[matricide in leishman's red riding hood]
I'm tidying up my final thesis chapter (omg!); making things a bit clearer, rephrasing, adding some quotations, and deleting what is repetitive or unneccessary. I'm finding this last bit (deleting) the most difficult as there seem to be so many things I want to say about the works I'm researching. While going over Donna Leishman's Red Riding Hood in terms of the multiple worlds that are available to the reader I've been stuck on the penultimate scene (of the linear reading). Red is in bed at her grandmother's house, with what looks to be a bag of knitting paraphernalia at her feet. As she sleeps the suspicious boy-wolf draws back a curtain and enters. He reaches over, seemingly to brush the hair off Red's face but then, suddenly and wholely unexpectedly (at least on my part) he reveals a gun which he holds to Red's head. Ok. So maybe this is *straight-forward* murder, boy kills girl. But, before the wolf entered the room the reader also had a chance to *violate* Red, though not as violently. The reader can touch Red's distended stomach to reveal a pregnancy; Red is carrying a girl. This is really a double murder, a murder of mother and daughter. But how might we interpret this? If Showalter demands the killing of "the Angel in the house, that phantom of female perfection who stands in the way of freedom" and who turns out to be Woolf herself [Showalter 265], then does the killing of Red signify the death of a blockade to Red's freedom? Is it with death that Red can escape that double-bind: the inadequacy of representation and the concomittant desire to represent her becoming subjectivity? Kristeva argues that we are always negotiating the other within as subjects in process, so here is this an overt inability to negotiate (or at least a challenge) the pivot between self and other? Also, if Red is unaware of either the wolf or of the reader touching her stomach, does this suggest a Cartesian split between mind and body, the two for Red here are seemingly disconnected? Or is this simply the death of the woman as "body"? (I'm thinking here of Robyn Longhurst who writes about pregnant woman as "containers"). Then in death that bind and that split dissolve? But, because it is the wolf who facilitates this, does that intimate that a man is necessary to bring a woman *together*, to resolve her identities? And what about choice...and, the most important question: does Red really die?

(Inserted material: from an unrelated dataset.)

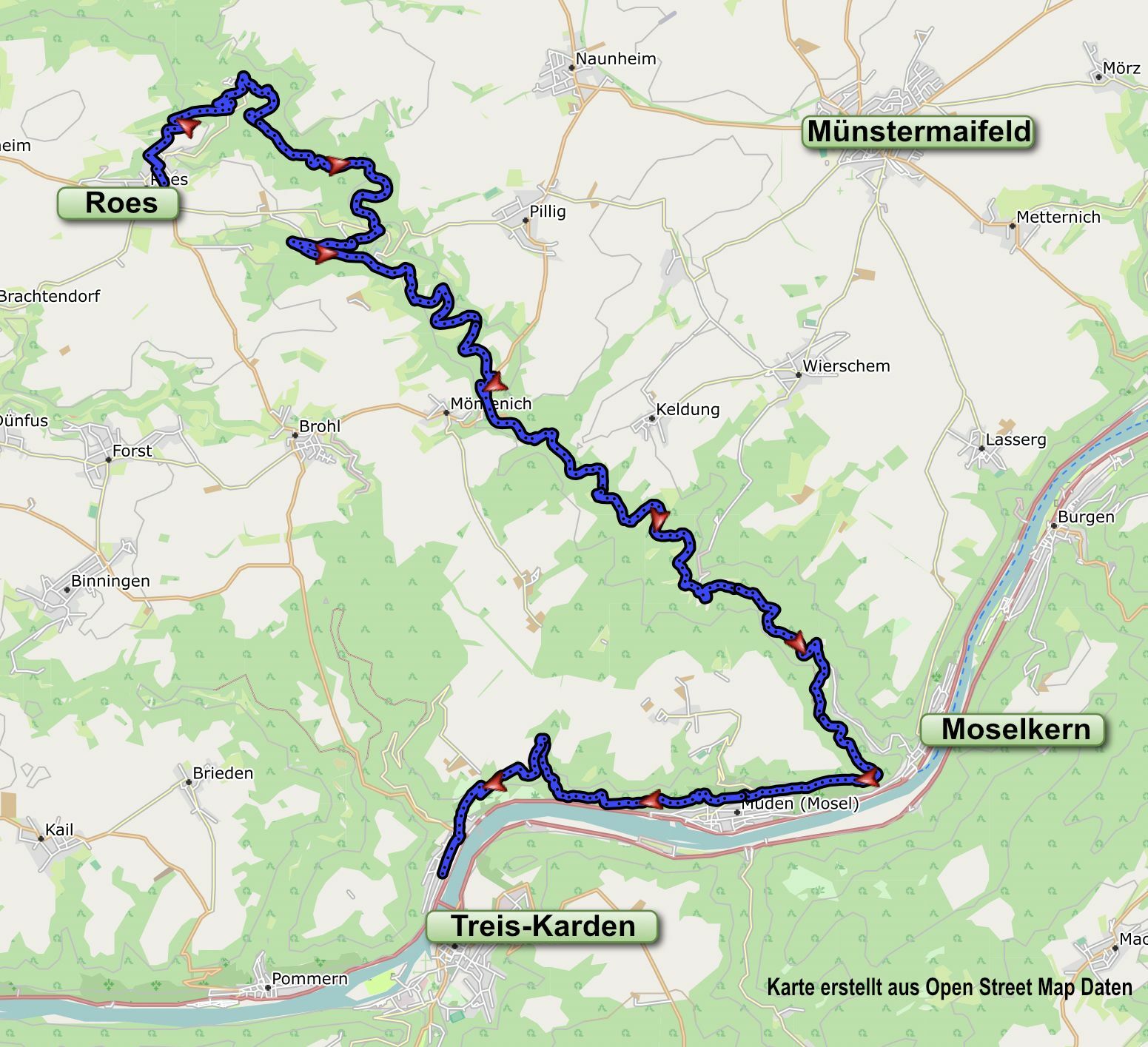 Bis zur Burg Pyrmont gehen wir fast ausschließlich auf schmalen Pfaden, die abwechselnd direkt am Elzbach und weiter entfernt davon verlaufen. Wir wandern in ständigem Auf und Ab überwiegend durch Wald, aber immer wieder öffnet sich die Landschaft, und wir blicken auf den Bach unter uns, auf die gegenüberliegenden Wälder und Höhen oder eine Auenlandschaft. Mehrfach wird der Elzbach auf kleinen Brücken überquert und auch die Bezeichnung „Felsensteig“ kommt zwischendurch zu ihrem Recht. Immer wieder finden sich Bänke und Rastplätze an ausgesucht schönen Stellen. Auch der Weiterweg ist reizvoll. Es geht von der Burg Pyrmont abwärts ins Tal des Wahlbachs und zur Pyrmonter Mühle und schließlich wieder zum Elzbach und bis zur Burg Eltz (herrlicher Blick auf die Burg!). Weiter geht es bis kurz vor die Ringelsteiner Mühle, dann wieder aufwärts durch Wald, bis sich plötzlich – ein atemberaubender Blick ganz anderer Art – das Moseltal vor uns öffnet.

Labels: digital literacy, donna leishman, narrative, possible worlds, research, web fiction

jess @ jesslaccetti.co.uk




4 Comments:
I don't know what to tell you Jess. Too many questions to few answers...Red Riding Hood is a fairy tale so what's the moral of this one?
Hi Jess. I've never heard of this story but I checked it out. I couldn't enter into any other version but the linear one you mention in this post. How do I get to it?
Anywayz I don't think Red dies. She looks at the reader so maybe she gets the gun and kills the wolf.
Hi Ben, I'm not sure if there is a moral to this particular instantiation of Red. I think it's more about how a certain character/subjectivity/story can be represented in a new media world.1computer1
Kalia, thanks for your comment.
To get to the dream world in Red Riding Hood you need to click - "let Red sleep" rather than "wake her up". Also, while Red is walking along, after she's met the wolf, if you click vigorously around another world should appear which you can enter through her diary.
Let me know what you think of the dream world.